Des milliers de personnes ont assisté, à Minab, au cortège funèbre d’enfants dont les dépouilles ont récemment été extraites des décombres d’une école pour filles touchée le premier jour de la guerre américano-israélienne contre l’Iran.
Ce sont ainsi plus de 68 restes humains appartenant à 34 élèves tués lors de l’attaque aérienne américaine contre l’école primaire Shajareh Tayyebeh de Minab qui ont été identifiés grâce à des analyses ADN, puis inhumés — près de cinq mois après cette attaque qui a coûté la vie à 168 personnes, dont une majorité d’enfants.
Les dépouilles, retrouvées au terme de plusieurs semaines d’opérations de recherche à l’école et dans ses environs, ont été transportées mercredi dans les rues de la province de Hormozgan lors d’un cortège funèbre avant d’être inhumées au cimetière des Martyrs de la ville.
Des parents endeuillés et de nombreux habitants s’étaient auparavant rassemblés sur le lieu où les cercueils étaient préparés afin de faire leurs derniers adieux aux restes de leurs enfants.
Mojtaba Qahramani, chef du pouvoir judiciaire de la province de Hormozgan, a déclaré que, malgré de multiples opérations de recherche spécialisées menées dans l’école et ses alentours, aucune trace de Makan Nasiri, un élève de première année âgé de sept ans, n’avait été retrouvée. Il demeure la seule victime dont le corps reste introuvable.
M. Qahramani a déclaré à l’agence de presse Fars que le missile américain avait frappé directement l’endroit où se trouvait Makan au moment de l’impact.
Une tombe symbolique a été aménagée pour le jeune garçon, tandis que ses effets personnels, notamment un pull taché de sang et une chaussure de sport, sont exposés dans une vitrine d’une mosquée voisine.
Ses parents ont passé des mois à rechercher le moindre indice permettant de retrouver leur fils. « Où suis-je censé chercher mon fils ? », avait demandé son père, les yeux embués de larmes, lors d’une interview accordée plus tôt cette année.
L’attaque du 28 février contre l’école Shajareh Tayyebeh a eu lieu le premier jour de l’agression militaire américano-israélienne contre l’Iran. Il s’agit de l'attaque la plus meurtrière ayant visé des civils durant ce conflit.
L’attaque a fait 168 morts, dont 120 élèves et 26 enseignants. Plus de 110 personnes ont également été blessées.
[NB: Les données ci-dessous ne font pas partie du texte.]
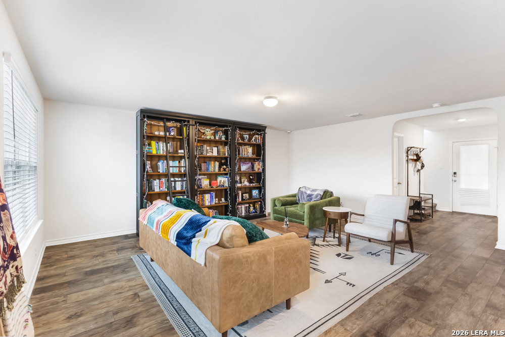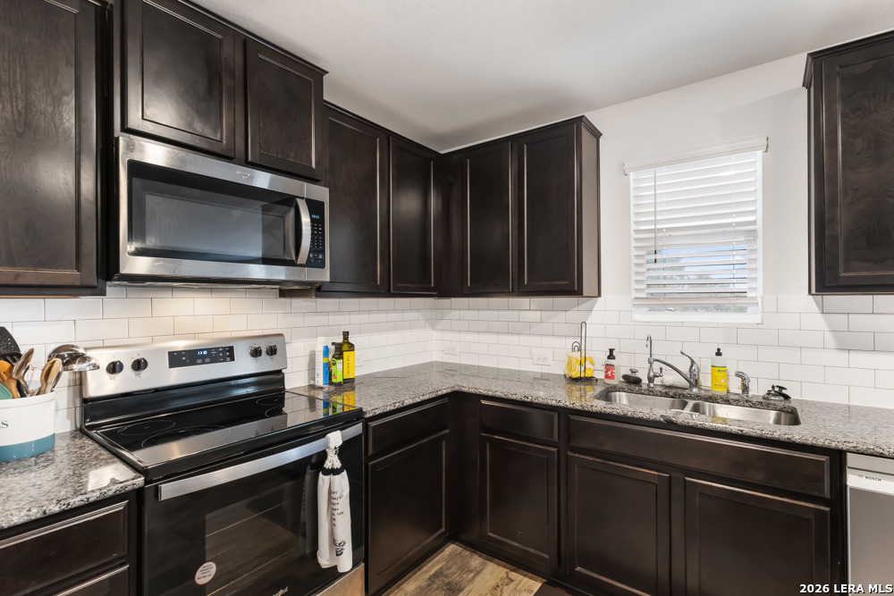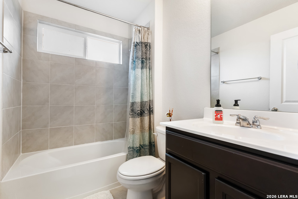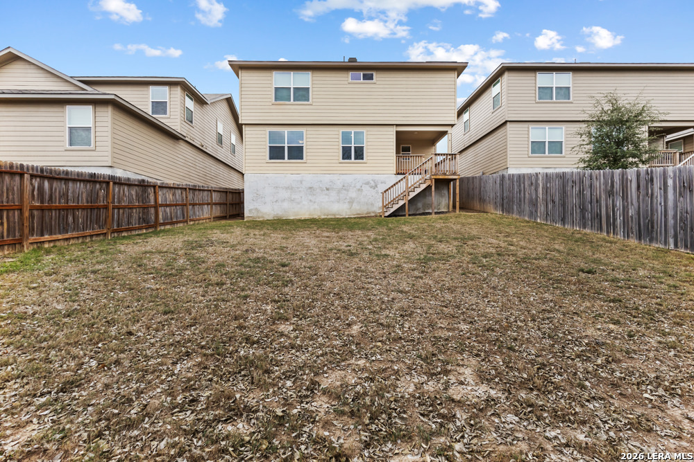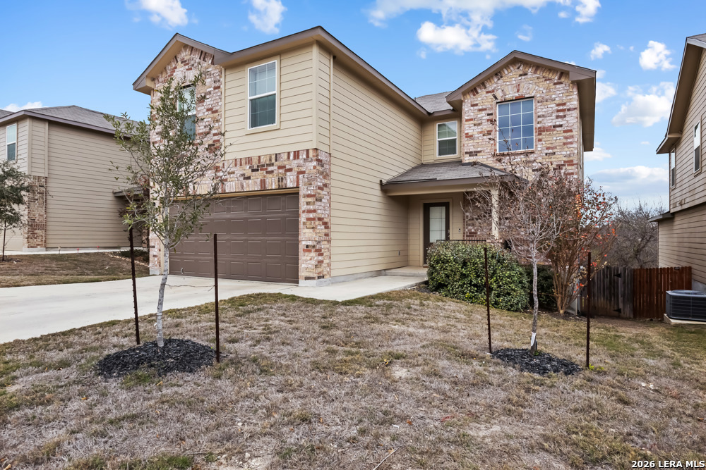 Beautiful two-story 3-bedroom, 2.5-bath home located in the Grosenbacher Ranch subdivision. As you enter from the covered front porch, you are welcomed by a spacious open floor plan featuring laminate flooring throughout the downstairs and a combined living and dining area-perfect for everyday living and entertaining. The spacious kitchen offers an abundance of cabinet and countertop space, classic white subway tile backsplash, recessed lighting, granite countertops, a center island, refrigerator, and stainless steel appliances. Upstairs, you'll find a generous family room/game room along with all three bedrooms. The primary bedroom features a full bath with double vanity, walk-in shower, and separate garden tub. Bedrooms two and three are nicely sized and share a hall bathroom with a tub/shower combo and single vanity. Step outside to the covered back porch with steps leading down to a great-sized backyard-ideal for outdoor enjoyment with no backyard neighbors. Conveniently situated near Loop 1604 and Potranco Road with easy access to shopping, dining, schools, and major highways. Washer, dryer, and water softener included.

Les autorités locales ont indiqué que les nouvelles opérations de recherche avaient permis de retrouver d’autres restes appartenant aux 34 élèves identifiés, mais qu’aucune trace de Makan Nasiri n’avait encore été découverte.
L’enquête a établi que trois missiles de croisière Tomahawk avaient frappé l’école, touchant directement l’établissement à trois reprises.
L’attaque a suscité une vague de condamnations de la part des Nations Unies et d’organisations de défense des droits humains. « Les familles des enfants tués ont le droit de connaître la vérité sur ce qui s’est passé », avait déclaré Ravina Shamdasani, porte-parole du Haut-Commissariat des Nations Unies aux droits de l’homme.
Plusieurs mois après la frappe, le Pentagone refuse toujours de mener à son terme l’examen standard des renseignements qui permettrait d’établir précisément les circonstances de l’attaque, selon plusieurs responsables américains et des médias.
L’armée américaine a achevé les deux premières phases de son évaluation quelques jours après la frappe, confirmant que ses forces avaient bien touché l’école. En revanche, l’examen final des renseignements — procédure habituellement engagée lorsqu’un incident entraîne un grand nombre de victimes civiles — n’a jamais été ordonné.
Selon plusieurs informations, de hauts responsables militaires américains auraient ignoré des avertissements figurant dans des bases de données de ciblage essentielles, signalant que les renseignements relatifs aux cibles iraniennes étaient largement obsolètes. Cette décision aurait été prise au nom de « l’efficacité », les commandants ayant cherché à finaliser rapidement les listes de cibles au début du conflit.
Dans une interview à Fox News, le président américain a déclaré que les conclusions de l’enquête pourraient ne jamais être rendues publiques. « Je ne pense pas que quiconque puisse un jour dire ce qui s’est réellement passé là-bas », a-t-il déclaré. Interrogé sur des images satellites montrant des fragments d’un missile Tomahawk américain sur le site, Donald Trump a suggéré que ces images pourraient avoir été « générées par une intelligence artificielle ».
Plus d’une vingtaine de sénateurs démocrates ont réclamé des explications, estimant qu’« il n’existe aucune justification pour retenir la publication d’un rapport non classifié expliquant ce qui s’est passé, ce qui a mal tourné et les mesures que le ministère entend prendre afin qu’un tel drame ne se reproduise plus ».